● **What the task asks**:
Each line from the one holding "Convite Janela Florence" to the last line below must be restated word for word, and no picture may be included.

● **Dataset extract**:
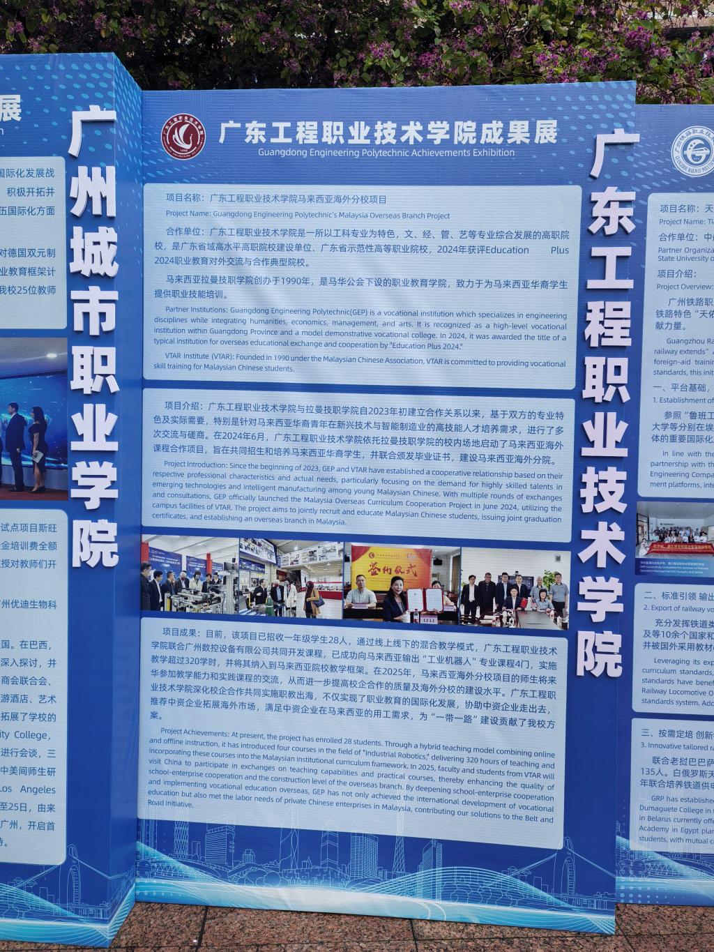在过去一年里,学校输出职业标准、建设马来西亚海外分校、共建合作办学项目等国际交流与合作的成果入选联盟年度工作报告,相关案例在年度活动现场成果展展出。
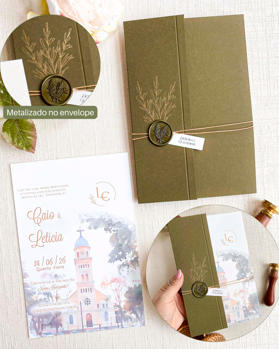 Convite Janela Florence – Metalizado Envelope – Cordão e Lacre
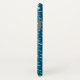 Coque iphone personnalisé en gouttes bleues avec le nom monogramme. Belles gouttelettes d'eau dans différentes nuances de bleu, turquoise et turquoise. Customisez ce joli motif d'aqua bleu avec votre nom ou votre nom de famille initial.
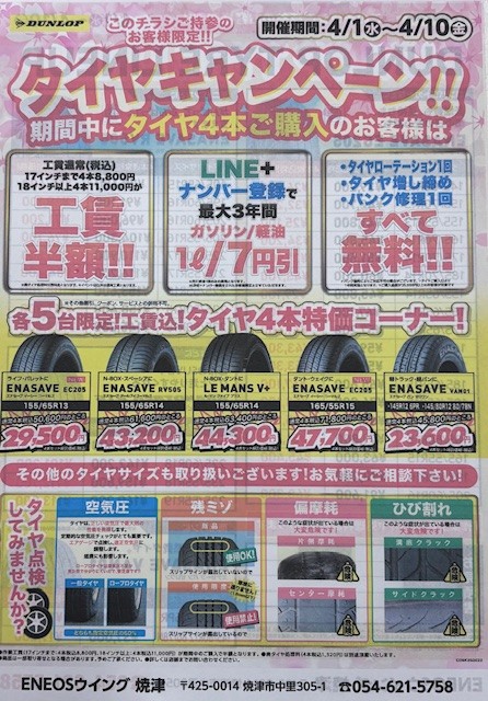 春のドライブ準備におすすめタイヤ交換と手洗い洗車セール開催中🚗|セルフ焼津SS|202603061553

● **Answer to the exercise**:
 Convite Janela Florence – Metalizado Envelope – Cordão e Lacre
 Coque iphone personnalisé en gouttes bleues avec le nom monogramme. Belles gouttelettes d'eau dans différentes nuances de bleu, turquoise et turquoise. Customisez ce joli motif d'aqua bleu avec votre nom ou votre nom de famille initial.
 春のドライブ準備におすすめタイヤ交換と手洗い洗車セール開催中🚗|セルフ焼津SS|202603061553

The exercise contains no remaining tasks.